On Thu, 2011-07-21 at 11:21 +0200, Florian Philipp wrote:
> Am 21.07.2011 10:57, schrieb Pandu Poluan:
> > -original message-
> > Subject: Re: [gentoo-user] New computer and Gentoo
> > From: Bill Kenworthy <bi...@iinet.net.au>
> > Date: 2011-07-21 12:54
> > 
> >> On Thu, 2011-07-21 at 06:26 +0100, Mick wrote:
> [...]
> >> Ive just stumbled on something weird with march=native:
> >>

> 
> I'd like to see a reference for this claim. -march=native doesn't do
> more than set -march=core2 and some other optimizations for cache size
> etc. This should be no more troublesome than mixing code compiled with

unfortunately this is now my main machine so I cant fiddle too much with
it!  It would mean going back to the E4600 and comparing march=prescott,
march=native then fitting the E6600 and checking march=native and
march=core2.  What I cant find is a reference to how it works out what
native is? - lookup-table, checking the flags in /proc/cpuinfo or what?

Ive now rolled back (that is recompiled) the majority of packages so now
I can keep working while it does an emerge -e world.
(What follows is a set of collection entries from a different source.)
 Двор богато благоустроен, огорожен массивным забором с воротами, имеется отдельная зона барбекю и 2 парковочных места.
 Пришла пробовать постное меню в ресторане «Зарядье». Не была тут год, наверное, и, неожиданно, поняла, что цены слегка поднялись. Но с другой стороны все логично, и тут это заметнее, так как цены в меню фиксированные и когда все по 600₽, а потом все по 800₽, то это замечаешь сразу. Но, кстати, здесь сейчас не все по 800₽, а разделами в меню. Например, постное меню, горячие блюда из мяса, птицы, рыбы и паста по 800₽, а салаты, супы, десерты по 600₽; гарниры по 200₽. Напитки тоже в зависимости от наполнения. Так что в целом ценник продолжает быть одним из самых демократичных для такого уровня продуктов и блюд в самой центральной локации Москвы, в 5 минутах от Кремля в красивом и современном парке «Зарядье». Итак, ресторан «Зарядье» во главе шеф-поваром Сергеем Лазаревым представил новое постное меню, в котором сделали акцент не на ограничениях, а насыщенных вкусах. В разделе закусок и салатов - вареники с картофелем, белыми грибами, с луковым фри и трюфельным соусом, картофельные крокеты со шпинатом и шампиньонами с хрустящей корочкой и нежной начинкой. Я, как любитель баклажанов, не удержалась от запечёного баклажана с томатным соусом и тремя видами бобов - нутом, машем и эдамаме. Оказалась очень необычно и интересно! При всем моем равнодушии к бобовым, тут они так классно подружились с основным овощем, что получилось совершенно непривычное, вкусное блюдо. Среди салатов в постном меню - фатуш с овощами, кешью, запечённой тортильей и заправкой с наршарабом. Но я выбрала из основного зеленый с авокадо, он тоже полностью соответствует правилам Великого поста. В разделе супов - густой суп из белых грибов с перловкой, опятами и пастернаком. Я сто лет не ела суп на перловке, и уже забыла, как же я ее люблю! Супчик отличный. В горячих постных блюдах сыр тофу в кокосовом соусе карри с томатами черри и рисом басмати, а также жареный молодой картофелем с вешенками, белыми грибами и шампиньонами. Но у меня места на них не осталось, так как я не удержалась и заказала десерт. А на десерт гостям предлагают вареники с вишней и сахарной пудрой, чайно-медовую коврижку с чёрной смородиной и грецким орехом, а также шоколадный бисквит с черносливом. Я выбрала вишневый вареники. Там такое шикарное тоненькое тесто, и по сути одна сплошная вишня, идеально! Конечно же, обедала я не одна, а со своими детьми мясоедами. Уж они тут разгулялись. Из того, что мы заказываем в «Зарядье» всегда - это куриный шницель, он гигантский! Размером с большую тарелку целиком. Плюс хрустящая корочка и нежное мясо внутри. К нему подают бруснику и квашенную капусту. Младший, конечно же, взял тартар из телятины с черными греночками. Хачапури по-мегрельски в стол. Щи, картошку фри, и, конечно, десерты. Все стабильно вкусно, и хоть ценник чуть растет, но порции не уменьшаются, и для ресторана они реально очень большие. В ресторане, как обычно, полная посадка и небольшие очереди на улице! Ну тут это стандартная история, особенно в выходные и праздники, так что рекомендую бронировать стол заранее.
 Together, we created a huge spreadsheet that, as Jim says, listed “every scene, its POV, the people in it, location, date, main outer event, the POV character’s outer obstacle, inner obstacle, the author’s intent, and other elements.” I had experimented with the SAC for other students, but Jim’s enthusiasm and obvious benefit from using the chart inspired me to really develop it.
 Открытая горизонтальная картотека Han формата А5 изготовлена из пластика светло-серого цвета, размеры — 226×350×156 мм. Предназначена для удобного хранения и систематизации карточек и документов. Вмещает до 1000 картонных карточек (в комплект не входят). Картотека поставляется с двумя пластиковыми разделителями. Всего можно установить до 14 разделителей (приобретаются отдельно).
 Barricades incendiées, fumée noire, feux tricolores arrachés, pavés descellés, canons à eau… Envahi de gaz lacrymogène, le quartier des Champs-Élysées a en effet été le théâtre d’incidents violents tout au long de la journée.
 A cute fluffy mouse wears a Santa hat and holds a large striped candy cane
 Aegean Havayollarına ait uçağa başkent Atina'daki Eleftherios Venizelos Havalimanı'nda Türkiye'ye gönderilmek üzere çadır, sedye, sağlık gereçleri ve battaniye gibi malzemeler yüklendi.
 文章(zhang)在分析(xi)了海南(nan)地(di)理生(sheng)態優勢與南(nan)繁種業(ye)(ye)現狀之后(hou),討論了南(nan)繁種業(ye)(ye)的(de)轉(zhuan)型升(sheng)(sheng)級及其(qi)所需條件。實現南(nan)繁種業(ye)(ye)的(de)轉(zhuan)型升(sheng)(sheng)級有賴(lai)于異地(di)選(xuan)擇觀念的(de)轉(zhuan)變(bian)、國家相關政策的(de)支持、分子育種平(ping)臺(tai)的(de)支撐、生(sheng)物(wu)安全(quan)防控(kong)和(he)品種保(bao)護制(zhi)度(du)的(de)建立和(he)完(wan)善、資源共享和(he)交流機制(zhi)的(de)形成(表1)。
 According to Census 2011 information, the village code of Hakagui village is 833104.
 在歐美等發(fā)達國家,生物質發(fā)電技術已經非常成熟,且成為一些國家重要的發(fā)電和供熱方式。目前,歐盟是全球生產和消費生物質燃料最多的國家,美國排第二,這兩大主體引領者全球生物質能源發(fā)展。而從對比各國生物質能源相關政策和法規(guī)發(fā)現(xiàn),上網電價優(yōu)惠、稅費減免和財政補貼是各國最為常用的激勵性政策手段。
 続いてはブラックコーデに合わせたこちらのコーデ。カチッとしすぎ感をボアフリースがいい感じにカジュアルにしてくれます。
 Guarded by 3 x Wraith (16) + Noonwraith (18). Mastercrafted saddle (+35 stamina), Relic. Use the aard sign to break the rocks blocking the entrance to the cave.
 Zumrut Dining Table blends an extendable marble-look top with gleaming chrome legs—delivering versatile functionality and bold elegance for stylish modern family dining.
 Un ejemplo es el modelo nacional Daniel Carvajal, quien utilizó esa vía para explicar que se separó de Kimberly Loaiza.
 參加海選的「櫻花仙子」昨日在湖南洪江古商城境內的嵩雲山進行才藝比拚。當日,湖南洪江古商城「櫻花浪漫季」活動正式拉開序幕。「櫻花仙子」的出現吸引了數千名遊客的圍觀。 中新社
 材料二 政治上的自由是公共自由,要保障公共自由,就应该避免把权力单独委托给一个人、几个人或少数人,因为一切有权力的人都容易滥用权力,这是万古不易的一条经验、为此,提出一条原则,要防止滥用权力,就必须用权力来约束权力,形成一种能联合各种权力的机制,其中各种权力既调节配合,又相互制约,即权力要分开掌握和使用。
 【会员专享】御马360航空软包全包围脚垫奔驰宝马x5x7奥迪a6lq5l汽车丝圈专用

I would have thought the two intel processors would be close enough that
it would be just a performance hit and not segfaults, but the machine is
now working reliably so thats proof enough for me.  What I am having
difficulty with is that packages compiled with native should have been a
closer match to the cpu so why was it those packages (asterisk, glibc
and some random others cause problems.